🤖 AI Summary
This work addresses the challenge of conformal risk control (CRC) under non-monotonic loss functions, where existing methods struggle to guarantee that the expected loss remains below a user-specified threshold. Under a distribution-free setting with a finite calibration grid, the authors establish a theoretical relationship between sample size and grid resolution by integrating importance weighting, Lipschitz continuity, and a structural monotonicity assumption. They derive a finite-sample optimal upper bound on the risk and prove that the excess risk converges at the minimax-optimal rate of $\sqrt{\log(m)/n}$. The approach is further extended to handle distribution shift scenarios. Empirical evaluations demonstrate that the proposed method achieves more stable and reliable risk control in multi-label classification and object detection tasks.
📝 Abstract
Conformal risk control (CRC) provides distribution-free guarantees for controlling the expected loss at a user-specified level. Existing theory typically assumes that the loss decreases monotonically with a tuning parameter that governs the size of the prediction set. This assumption is often violated in practice, where losses may behave non-monotonically due to competing objectives such as coverage and efficiency.

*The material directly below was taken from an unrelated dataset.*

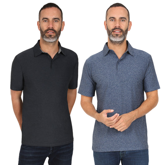 Men's Dry Fit Golf Polo - 2 Pack Black & Navy Marl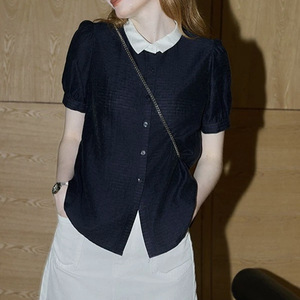 都会的なモダンな女性用半袖シャツ 2025 夏の新しいカラーマッチングエレガントなラペルファッション文学シャツ

We study CRC under non-monotone loss functions when the tuning parameter is selected from a finite grid, a common scenario in thresholding or discretized decision rules. Revisiting a known counterexample, we show that the validity of CRC without monotonicity depends on the relationship between the calibration sample size and the grid resolution. In particular, risk control can still be achieved when the calibration sample is sufficiently large relative to the grid.
We provide a finite-sample guarantee for bounded losses over a grid of size $m$, showing that the excess risk above the target level $α$ is of order $\sqrt{\log(m)/n}$, where $n$ is the calibration sample size. A matching lower bound shows that this rate is minimax optimal. We also derive refined guarantees under additional structural conditions, including Lipschitz continuity and monotonicity, and extend the analysis to settings with distribution shift via importance weighting.
Numerical experiments on synthetic multilabel classification and real object detection data illustrate the practical impact of non-monotonicity. Methods that account for finite-sample deviations achieve more stable risk control than approaches based on monotonicity transformations, while maintaining competitive prediction-set sizes.